FAXや電話での受発注は「相手を選ばず送れる」「慣れている」という良さがある一方で、手入力の手間や聞き間違い、証跡の残りにくさといった課題を抱えています。この記事では、受発注業務をデジタル化してFAX・電話から脱却するための具体的なステップと、取引先を巻き込んで移行を成功させるポイントを解説します。
なぜ今も受発注はFAX・電話が残っているのか
デジタル化の話に入る前に、まずは「なぜFAX・電話がこれだけ残っているのか」を客観的に見ておきましょう。
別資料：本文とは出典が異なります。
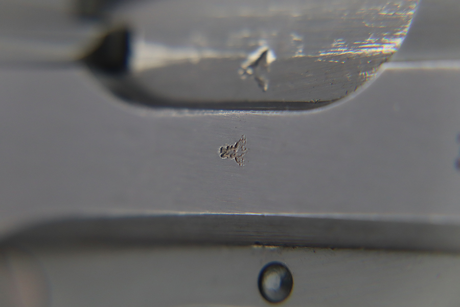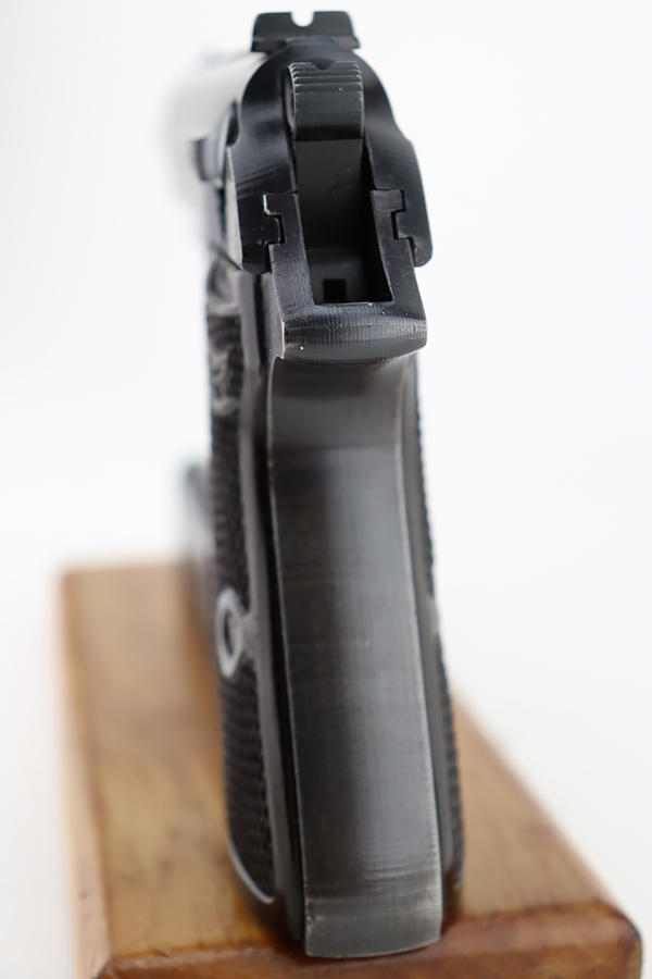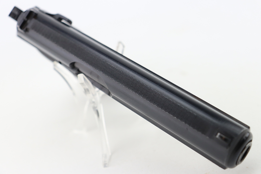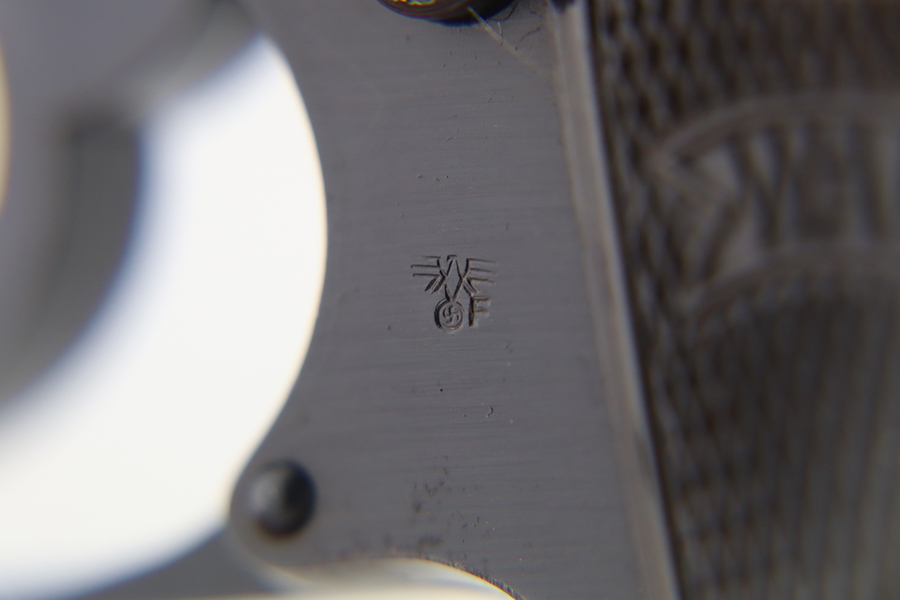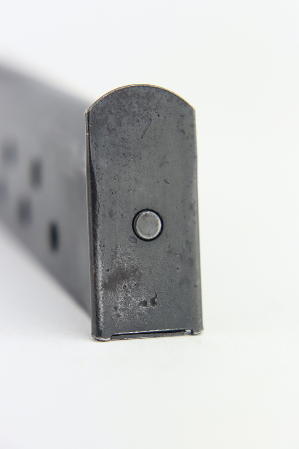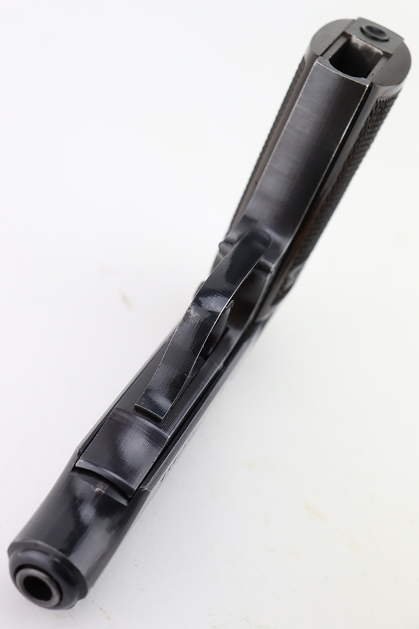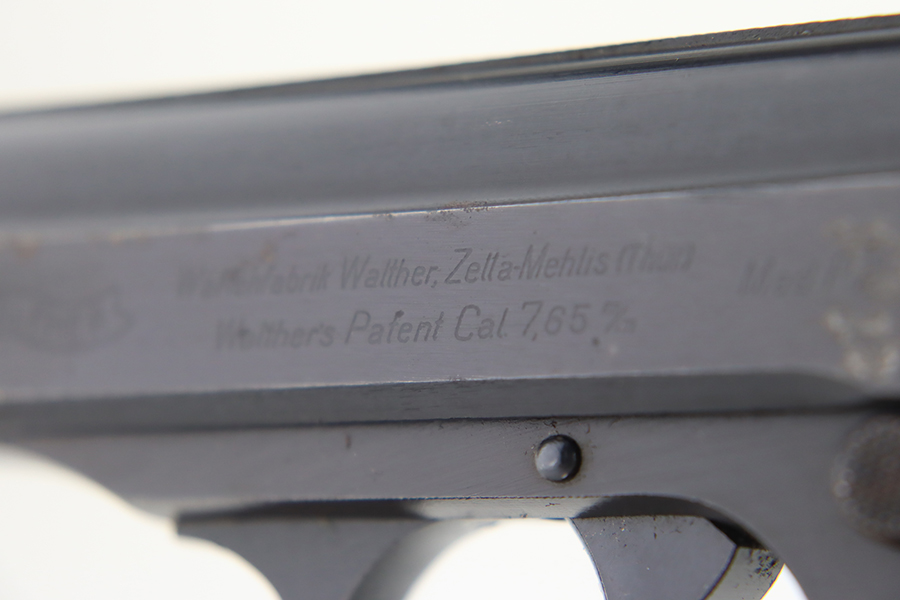 1/31/24 – This is an excellent example of a scarce late-war Walther PP rig issued to the Nazi police in 1944. It is all matching and has the proper police “Eagle F” proof. This police “Eagle F” variation is scarce as only about 5,000 were made. This gun also comes with scarce brownish bakelite grips. It has retained about 97% of its original finish with a couple of small spots of discoloration and pin-pricking on the left side of the slide. Besides these spots, the gun is virtually mint. Comes with a proper wartime magazine. Mint bore.
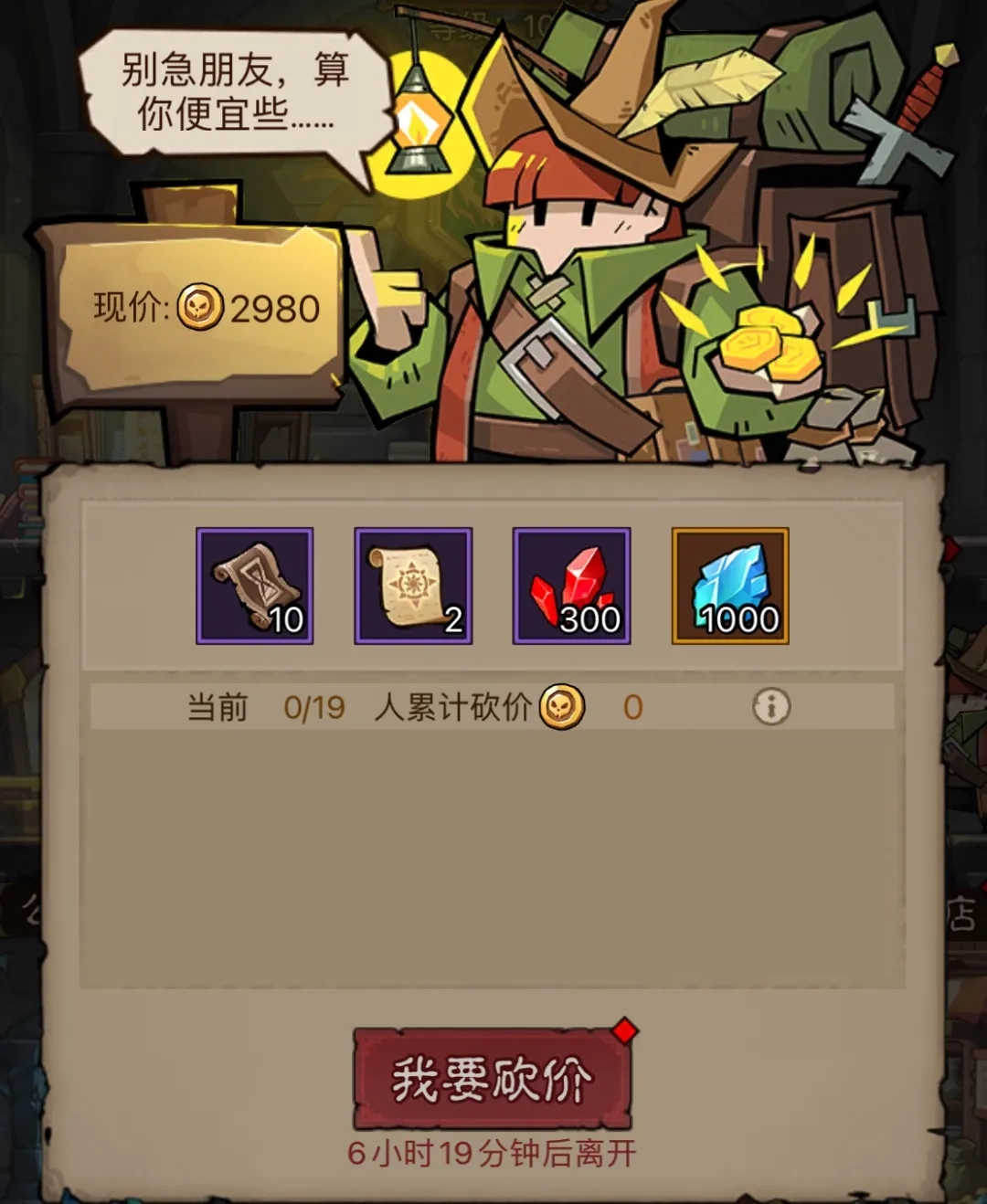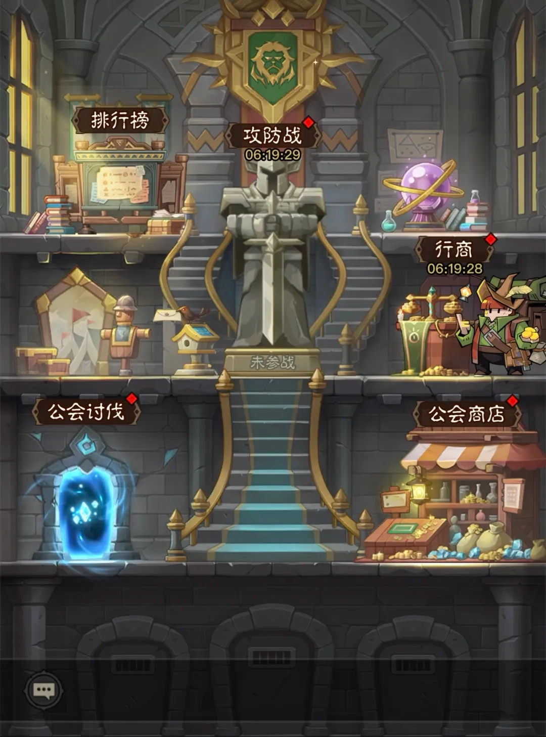 每天都有旅行商人到访公会,他们的停留时间是从早上十点到晚上十二点。这些商人会带来各类商品,而商品价格可以通过砍价来降低——特别是到了公会人数增多的后期,甚至能把价格砍到负数,相当于商人得倒贴暗金币给你。所以每天都得记得去砍上一刀。
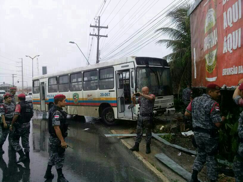 O ônibus do Batalhão de Choque da PM sofreu um acidente, na rodovia Torquato Tapajós, próximo do Centro de Treinamento do Detran-AM, que por pouco não se transformou numa tragédia. O veículo quase capotou com mais de 50 soldados dentro do ônibus. Após derrapar na pista, quase capotou, chocando-se com um poste de energia elétrica.
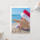 Starfish na areia da praia com chapéu de Papai Noel para cumprimentos de Natal.
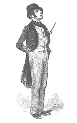 In the period after the French Revolution of 1848, during which the Empire was reestablished with clearly bourgeois pretensions of "order" and "morals", Baudelaire began asserting that traditional art was inadequate for the new dynamic complications of modern life. Social and economic changes brought by industrialization demanded that the artist immerse himself in the metropolis and become, in Baudelaire's phrase, "a botanist of the sidewalk".[20] David Harvey asserts that "Baudelaire would be torn the rest of his life between the stances of flâneur and dandy, a disengaged and cynical voyeur on the one hand, and man of the people who enters into the life of his subjects with passion on the other".[22]

理由がわかると、脱却のハードルも見えてきます。
ひとつは、取引先との長年の慣習です。「これまでずっとFAXでやり取りしてきた」という関係のなかでは、片方だけがやり方を変えるのは簡単ではありません。次に、手軽さです。FAXは相手のIT環境を問わず送れ、電話はその場で確認まで済みます。相手がITに不慣れでも成立するという安心感があります。そして、「今のやり方で一応回っている」という現状維持の力も働きます。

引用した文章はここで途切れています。